Exercise input: Begin

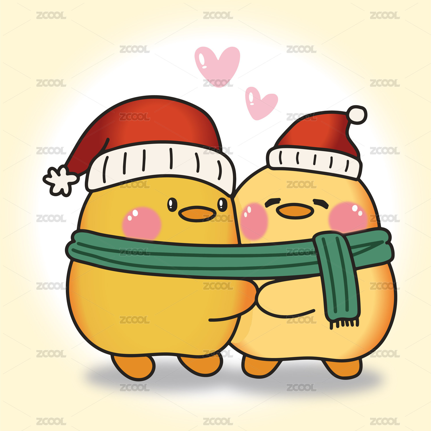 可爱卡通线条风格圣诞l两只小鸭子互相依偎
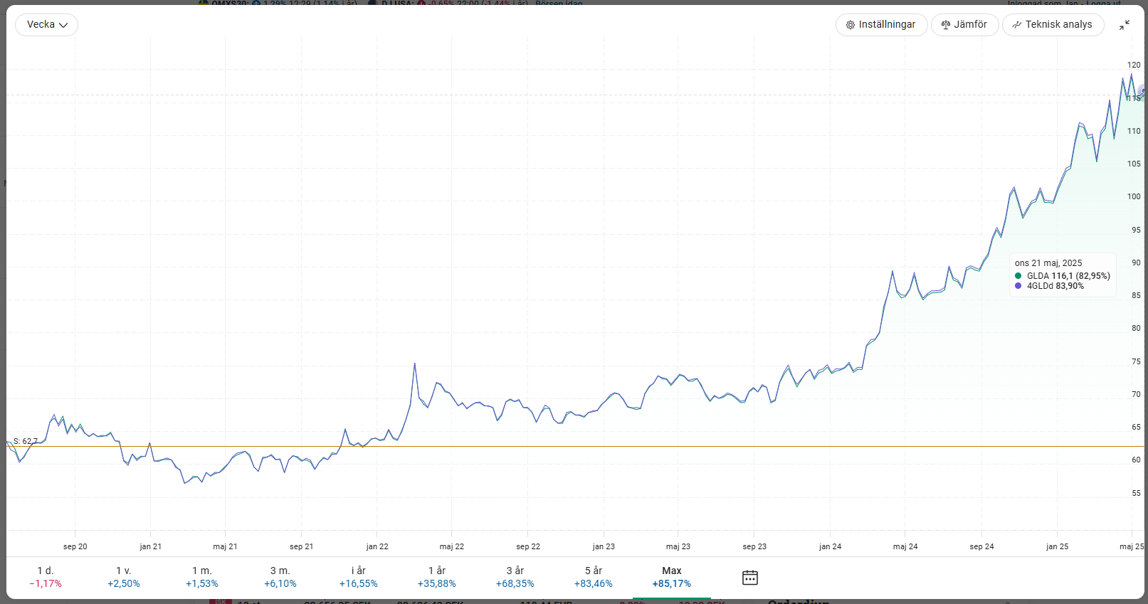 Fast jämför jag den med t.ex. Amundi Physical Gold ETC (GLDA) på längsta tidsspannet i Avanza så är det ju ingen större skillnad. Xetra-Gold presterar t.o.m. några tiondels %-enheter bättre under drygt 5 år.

Exercise input: End
Exercise input: Begin

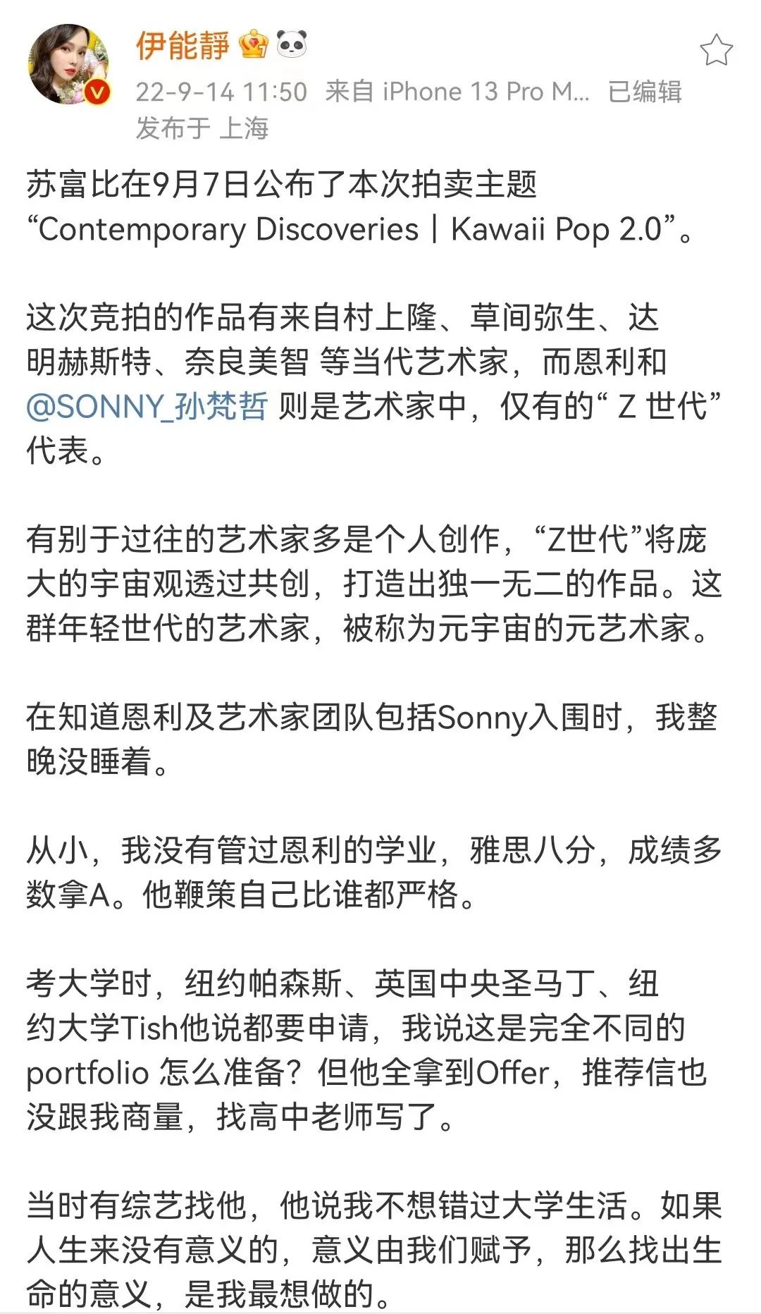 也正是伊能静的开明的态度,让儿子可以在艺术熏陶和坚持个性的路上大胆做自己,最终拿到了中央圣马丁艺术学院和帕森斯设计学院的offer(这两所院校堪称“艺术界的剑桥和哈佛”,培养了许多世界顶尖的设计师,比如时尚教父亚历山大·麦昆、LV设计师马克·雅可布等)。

Exercise input: End

Exercise directions: Pictures in the material above should be skipped; print exactly the lines from the one with "可爱卡通线条风格圣诞l两只小鸭子互相依偎" through the one with "Fast jämför jag".

Exercise solution:
 可爱卡通线条风格圣诞l两只小鸭子互相依偎
 Fast jämför jag den med t.ex. Amundi Physical Gold ETC (GLDA) på längsta tidsspannet i Avanza så är det ju ingen större skillnad. Xetra-Gold presterar t.o.m. några tiondels %-enheter bättre under drygt 5 år.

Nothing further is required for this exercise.